About this exercise: If a record contains a picture, leave the picture out and transcribe everything else exactly.

Records to use:
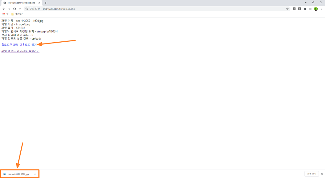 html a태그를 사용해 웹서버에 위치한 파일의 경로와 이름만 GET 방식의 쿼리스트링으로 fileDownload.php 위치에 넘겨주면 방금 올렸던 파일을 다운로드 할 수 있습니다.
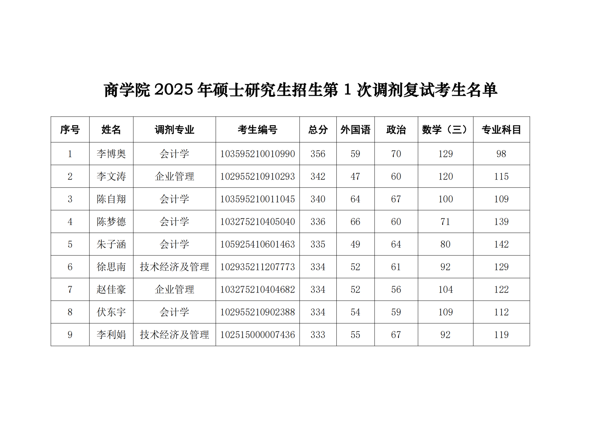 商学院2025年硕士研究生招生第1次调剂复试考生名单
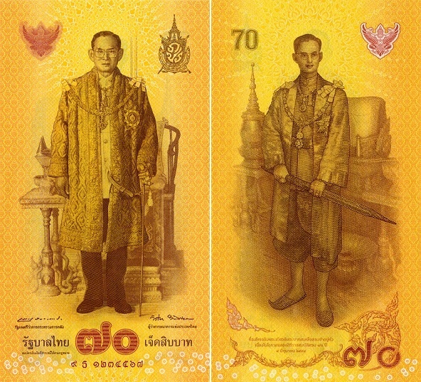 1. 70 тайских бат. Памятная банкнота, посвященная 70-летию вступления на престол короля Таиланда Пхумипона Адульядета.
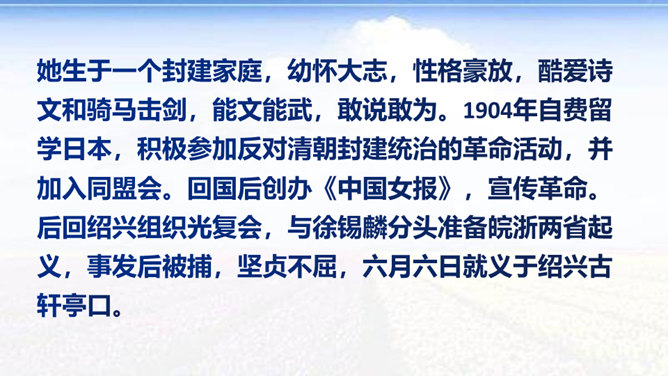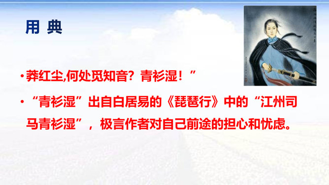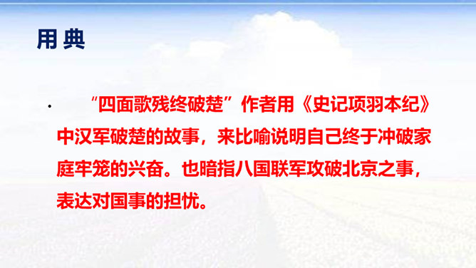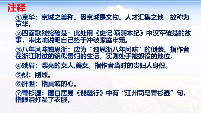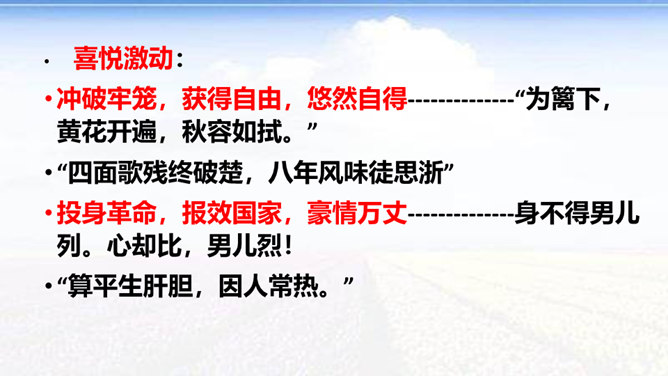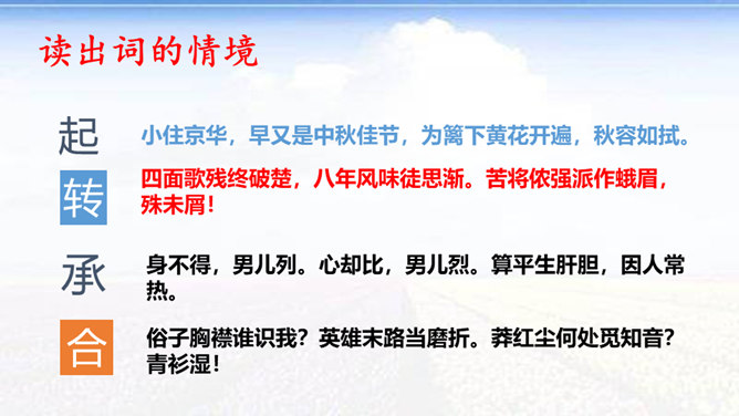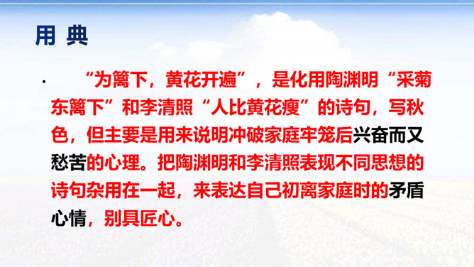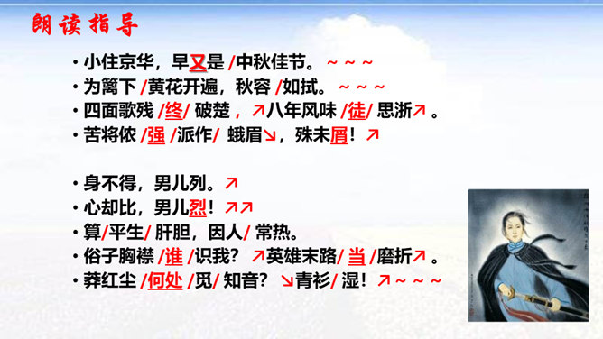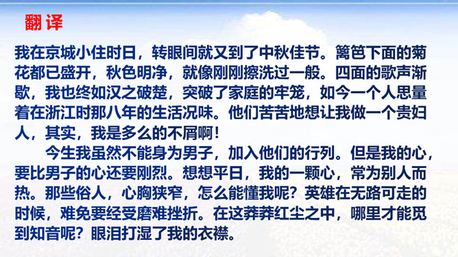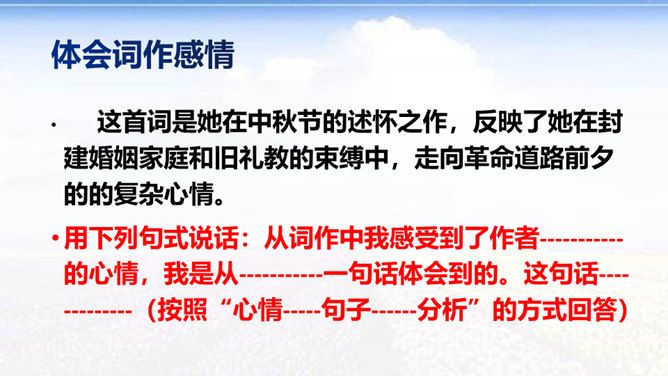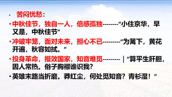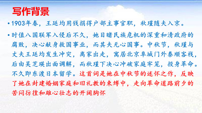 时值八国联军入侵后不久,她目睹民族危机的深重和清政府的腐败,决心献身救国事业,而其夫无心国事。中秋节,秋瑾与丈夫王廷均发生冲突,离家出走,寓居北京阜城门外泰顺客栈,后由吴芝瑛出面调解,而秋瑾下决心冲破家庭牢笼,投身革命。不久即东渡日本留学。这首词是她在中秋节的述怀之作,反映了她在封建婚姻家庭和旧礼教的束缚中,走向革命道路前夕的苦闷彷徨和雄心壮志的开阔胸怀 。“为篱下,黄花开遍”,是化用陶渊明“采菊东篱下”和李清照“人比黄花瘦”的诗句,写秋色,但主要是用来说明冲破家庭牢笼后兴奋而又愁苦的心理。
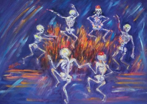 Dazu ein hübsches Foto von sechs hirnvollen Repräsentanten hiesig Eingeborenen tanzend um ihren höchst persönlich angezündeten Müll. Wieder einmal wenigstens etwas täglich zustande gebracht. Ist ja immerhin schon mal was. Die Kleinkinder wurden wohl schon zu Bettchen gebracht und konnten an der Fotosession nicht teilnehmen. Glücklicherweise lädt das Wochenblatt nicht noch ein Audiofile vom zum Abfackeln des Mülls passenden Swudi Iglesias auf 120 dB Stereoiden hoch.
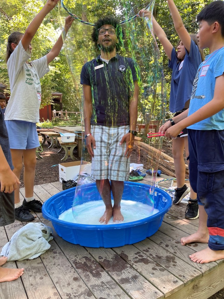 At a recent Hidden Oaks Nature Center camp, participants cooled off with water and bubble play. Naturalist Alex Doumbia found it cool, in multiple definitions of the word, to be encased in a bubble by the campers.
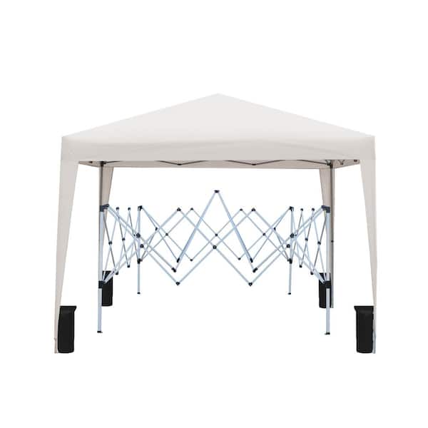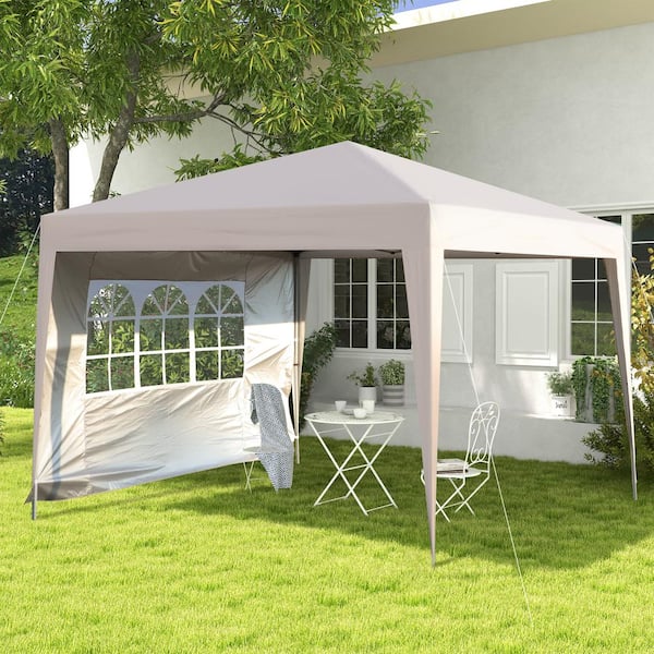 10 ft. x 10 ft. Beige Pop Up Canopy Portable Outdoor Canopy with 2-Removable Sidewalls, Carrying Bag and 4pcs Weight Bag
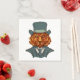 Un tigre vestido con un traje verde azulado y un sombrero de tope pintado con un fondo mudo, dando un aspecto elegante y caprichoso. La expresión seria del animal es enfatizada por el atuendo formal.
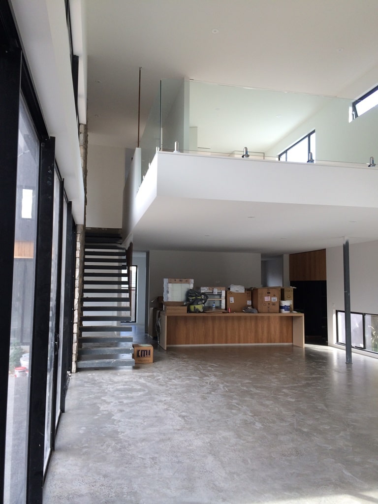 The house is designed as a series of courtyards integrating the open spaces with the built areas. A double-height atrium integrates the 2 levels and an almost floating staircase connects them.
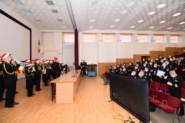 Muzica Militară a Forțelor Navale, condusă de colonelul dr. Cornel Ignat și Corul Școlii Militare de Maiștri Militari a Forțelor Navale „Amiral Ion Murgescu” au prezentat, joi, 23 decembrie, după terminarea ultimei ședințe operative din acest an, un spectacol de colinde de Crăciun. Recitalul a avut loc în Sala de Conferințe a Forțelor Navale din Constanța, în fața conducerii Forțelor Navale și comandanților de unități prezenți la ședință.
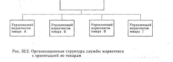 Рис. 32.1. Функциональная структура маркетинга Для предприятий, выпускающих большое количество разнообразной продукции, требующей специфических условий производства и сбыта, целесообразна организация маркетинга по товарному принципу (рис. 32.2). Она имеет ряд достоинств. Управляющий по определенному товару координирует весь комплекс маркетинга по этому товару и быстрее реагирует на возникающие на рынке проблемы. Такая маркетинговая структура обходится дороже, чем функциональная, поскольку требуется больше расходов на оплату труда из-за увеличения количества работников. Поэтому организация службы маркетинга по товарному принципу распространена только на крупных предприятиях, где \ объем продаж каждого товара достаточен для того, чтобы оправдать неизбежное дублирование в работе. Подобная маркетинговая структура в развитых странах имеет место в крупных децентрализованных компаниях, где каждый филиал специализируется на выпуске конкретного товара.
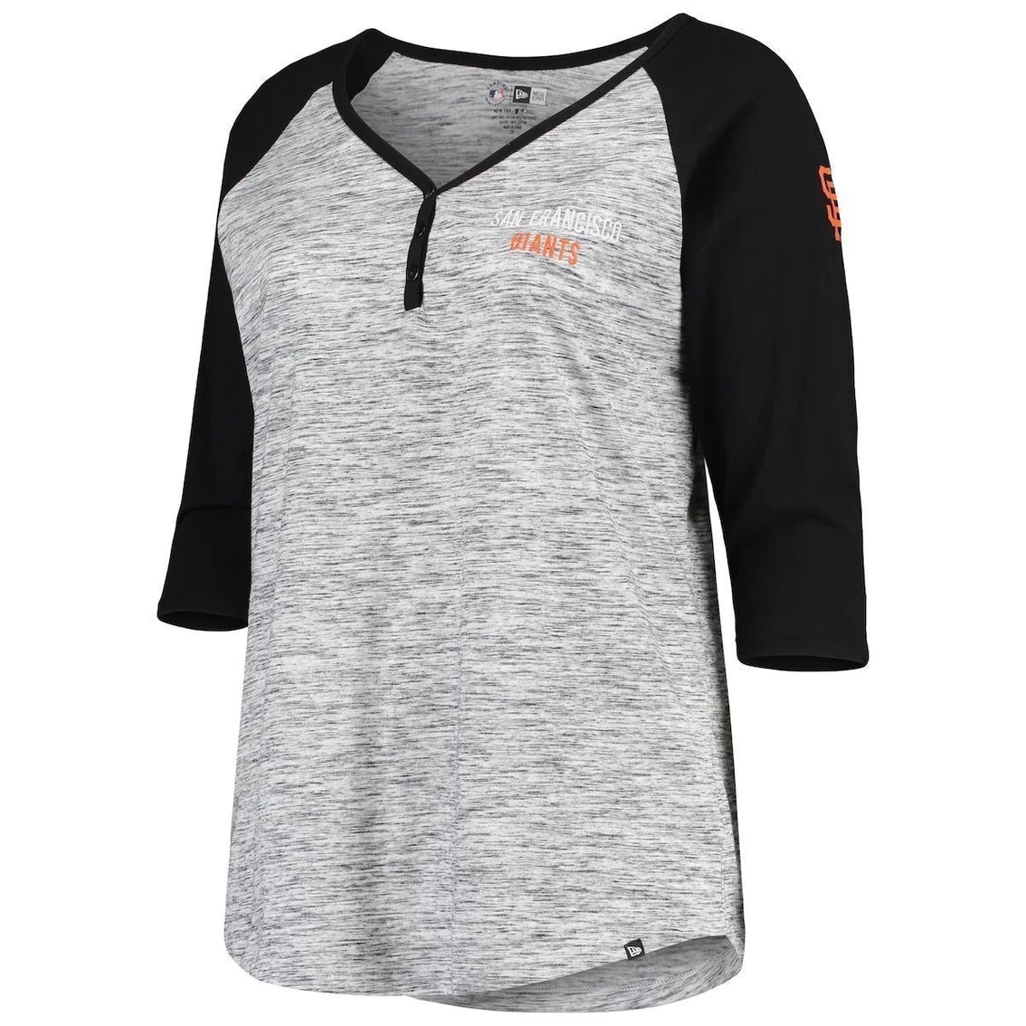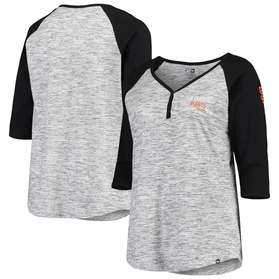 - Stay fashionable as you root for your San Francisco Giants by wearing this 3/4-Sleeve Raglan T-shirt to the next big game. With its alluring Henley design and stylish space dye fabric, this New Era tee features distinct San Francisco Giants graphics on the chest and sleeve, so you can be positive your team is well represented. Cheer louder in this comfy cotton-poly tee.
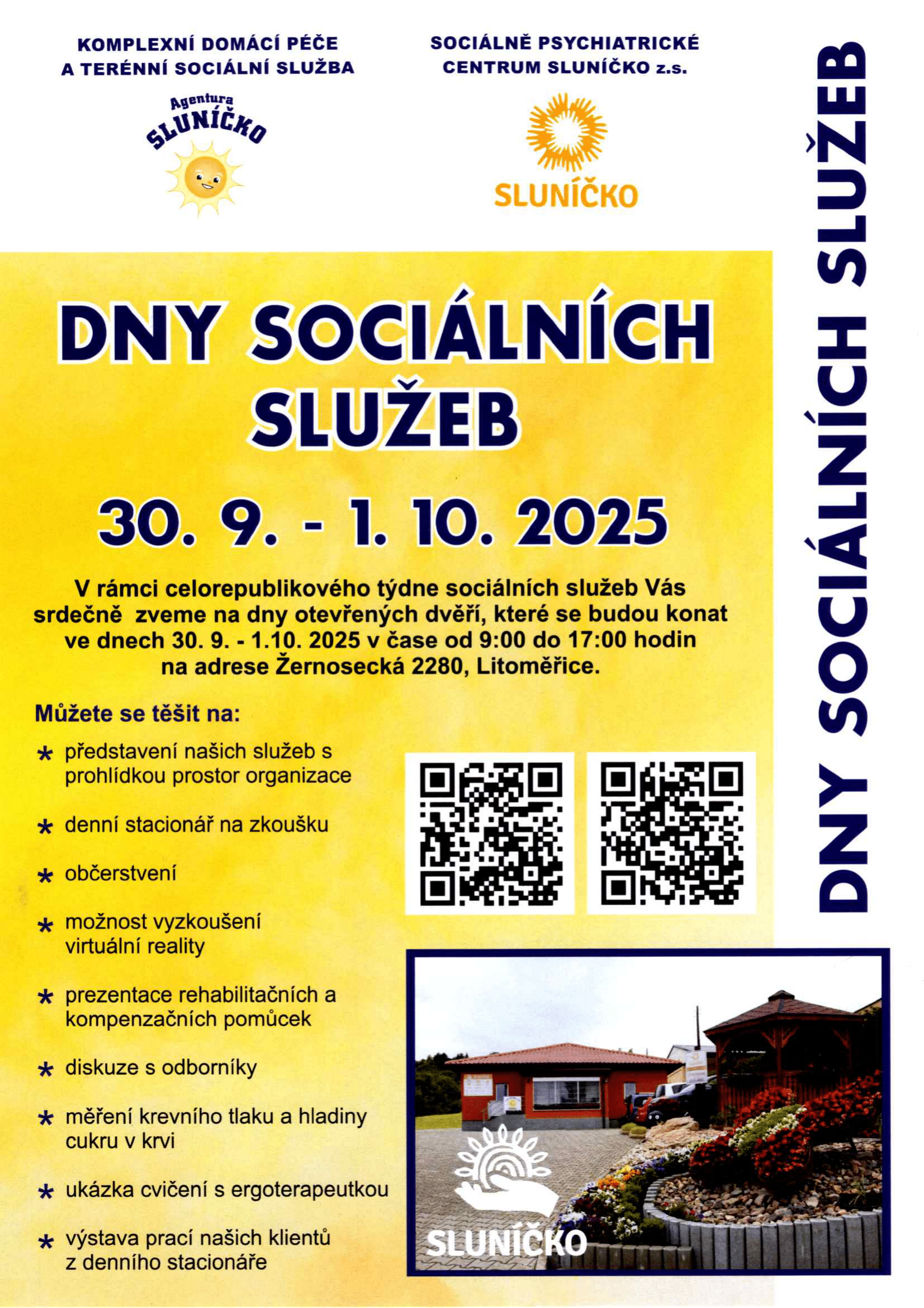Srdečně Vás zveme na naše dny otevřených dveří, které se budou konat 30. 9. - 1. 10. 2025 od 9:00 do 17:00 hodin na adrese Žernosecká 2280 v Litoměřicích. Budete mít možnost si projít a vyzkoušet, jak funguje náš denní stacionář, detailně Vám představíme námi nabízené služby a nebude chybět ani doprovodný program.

Response to the exercise:
 html a태그를 사용해 웹서버에 위치한 파일의 경로와 이름만 GET 방식의 쿼리스트링으로 fileDownload.php 위치에 넘겨주면 방금 올렸던 파일을 다운로드 할 수 있습니다.
 商学院2025年硕士研究生招生第1次调剂复试考生名单
 1. 70 тайских бат. Памятная банкнота, посвященная 70-летию вступления на престол короля Таиланда Пхумипона Адульядета.
 时值八国联军入侵后不久,她目睹民族危机的深重和清政府的腐败,决心献身救国事业,而其夫无心国事。中秋节,秋瑾与丈夫王廷均发生冲突,离家出走,寓居北京阜城门外泰顺客栈,后由吴芝瑛出面调解,而秋瑾下决心冲破家庭牢笼,投身革命。不久即东渡日本留学。这首词是她在中秋节的述怀之作,反映了她在封建婚姻家庭和旧礼教的束缚中,走向革命道路前夕的苦闷彷徨和雄心壮志的开阔胸怀 。“为篱下,黄花开遍”,是化用陶渊明“采菊东篱下”和李清照“人比黄花瘦”的诗句,写秋色,但主要是用来说明冲破家庭牢笼后兴奋而又愁苦的心理。
 Dazu ein hübsches Foto von sechs hirnvollen Repräsentanten hiesig Eingeborenen tanzend um ihren höchst persönlich angezündeten Müll. Wieder einmal wenigstens etwas täglich zustande gebracht. Ist ja immerhin schon mal was. Die Kleinkinder wurden wohl schon zu Bettchen gebracht und konnten an der Fotosession nicht teilnehmen. Glücklicherweise lädt das Wochenblatt nicht noch ein Audiofile vom zum Abfackeln des Mülls passenden Swudi Iglesias auf 120 dB Stereoiden hoch.
 At a recent Hidden Oaks Nature Center camp, participants cooled off with water and bubble play. Naturalist Alex Doumbia found it cool, in multiple definitions of the word, to be encased in a bubble by the campers.
 10 ft. x 10 ft. Beige Pop Up Canopy Portable Outdoor Canopy with 2-Removable Sidewalls, Carrying Bag and 4pcs Weight Bag
 Un tigre vestido con un traje verde azulado y un sombrero de tope pintado con un fondo mudo, dando un aspecto elegante y caprichoso. La expresión seria del animal es enfatizada por el atuendo formal.
 The house is designed as a series of courtyards integrating the open spaces with the built areas. A double-height atrium integrates the 2 levels and an almost floating staircase connects them.
 Muzica Militară a Forțelor Navale, condusă de colonelul dr. Cornel Ignat și Corul Școlii Militare de Maiștri Militari a Forțelor Navale „Amiral Ion Murgescu” au prezentat, joi, 23 decembrie, după terminarea ultimei ședințe operative din acest an, un spectacol de colinde de Crăciun. Recitalul a avut loc în Sala de Conferințe a Forțelor Navale din Constanța, în fața conducerii Forțelor Navale și comandanților de unități prezenți la ședință.
 Рис. 32.1. Функциональная структура маркетинга Для предприятий, выпускающих большое количество разнообразной продукции, требующей специфических условий производства и сбыта, целесообразна организация маркетинга по товарному принципу (рис. 32.2). Она имеет ряд достоинств. Управляющий по определенному товару координирует весь комплекс маркетинга по этому товару и быстрее реагирует на возникающие на рынке проблемы. Такая маркетинговая структура обходится дороже, чем функциональная, поскольку требуется больше расходов на оплату труда из-за увеличения количества работников. Поэтому организация службы маркетинга по товарному принципу распространена только на крупных предприятиях, где \ объем продаж каждого товара достаточен для того, чтобы оправдать неизбежное дублирование в работе. Подобная маркетинговая структура в развитых странах имеет место в крупных децентрализованных компаниях, где каждый филиал специализируется на выпуске конкретного товара.
 - Stay fashionable as you root for your San Francisco Giants by wearing this 3/4-Sleeve Raglan T-shirt to the next big game. With its alluring Henley design and stylish space dye fabric, this New Era tee features distinct San Francisco Giants graphics on the chest and sleeve, so you can be positive your team is well represented. Cheer louder in this comfy cotton-poly tee.
Srdečně Vás zveme na naše dny otevřených dveří, které se budou konat 30. 9. - 1. 10. 2025 od 9:00 do 17:00 hodin na adrese Žernosecká 2280 v Litoměřicích. Budete mít možnost si projít a vyzkoušet, jak funguje náš denní stacionář, detailně Vám představíme námi nabízené služby a nebude chybět ani doprovodný program.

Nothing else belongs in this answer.